[Stored items]
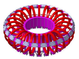 Figure 1. Three-dimensional view of the structure of TF coils of KTX. The silver blocks and the purple blocks between the red coils are used to support the coils and to counterbalance the torque due to the vertical magnetic field. It shows the toroidal field coils the support structures. The toroidal field ripple is defined as the ratio of the magnetic field componentperpendicular to the toroidal direction to the component in the toroidal direction. The maximum ripple occurs in the middle between the two TF coils.
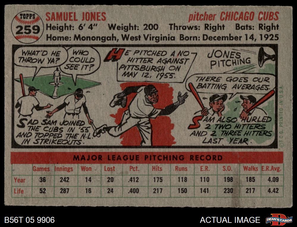 1956 Topps #259 Sam Jones 3 - VG
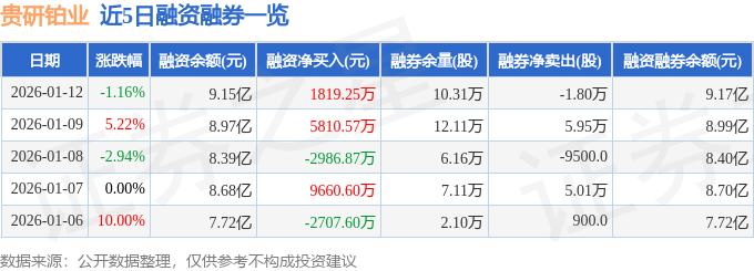 贵研铂业融资融券信息显示,融资方面,当日融资买入1.99亿元,融资偿还1.8亿元,融资净买入1819.25万元。融券方面,融券卖出2.06万股,融券偿还3.86万股,融券余量10.31万股,融券余额219.81万元。融资融券余额9.17亿元。
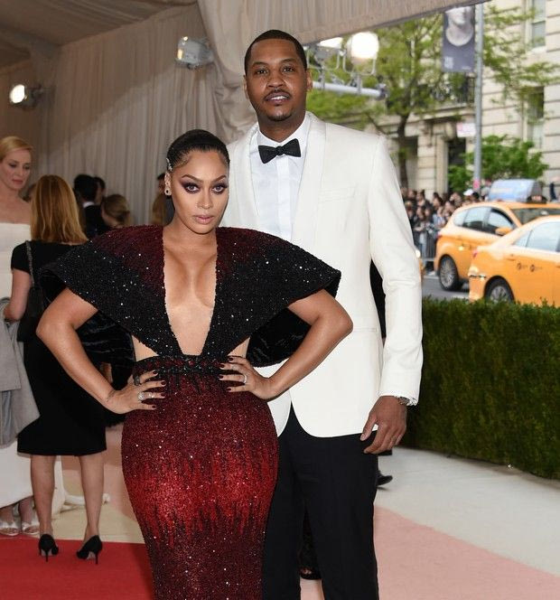 La La Anthony, left, and Carmello Anthony arrive at The Metropolitan Museum of Art Costume Institute Benefit Gala, celebrating the opening of "Manus x Machina: Fashion in an Age of Technology" on Monday, May 2, 2016, in New York. (Photo by Evan Agostini/Invision/AP) Evan Agostini/Invision/AP
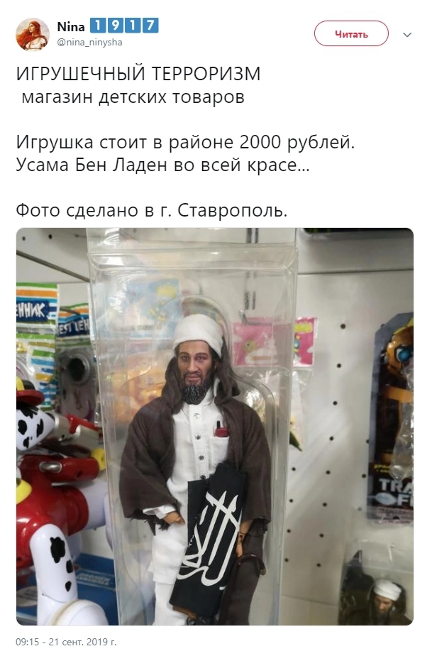Администрация магазина игрушек в Ставрополе распорядилась снять с продажи фигурки главаря террористической организации «Аль-Каида»* Усамы бен Ладена, сообщает «360».

◆ **Work instruction**
Only the lines starting at the one that includes "1956 Topps #259 Sam Jones 3 - VG" and ending at the one that includes "贵研铂业融资融券信息显示,融" should be retyped, exactly, from the records above; no pictures.

◆ **Response to this exercise**
 1956 Topps #259 Sam Jones 3 - VG
 贵研铂业融资融券信息显示,融资方面,当日融资买入1.99亿元,融资偿还1.8亿元,融资净买入1819.25万元。融券方面,融券卖出2.06万股,融券偿还3.86万股,融券余量10.31万股,融券余额219.81万元。融资融券余额9.17亿元。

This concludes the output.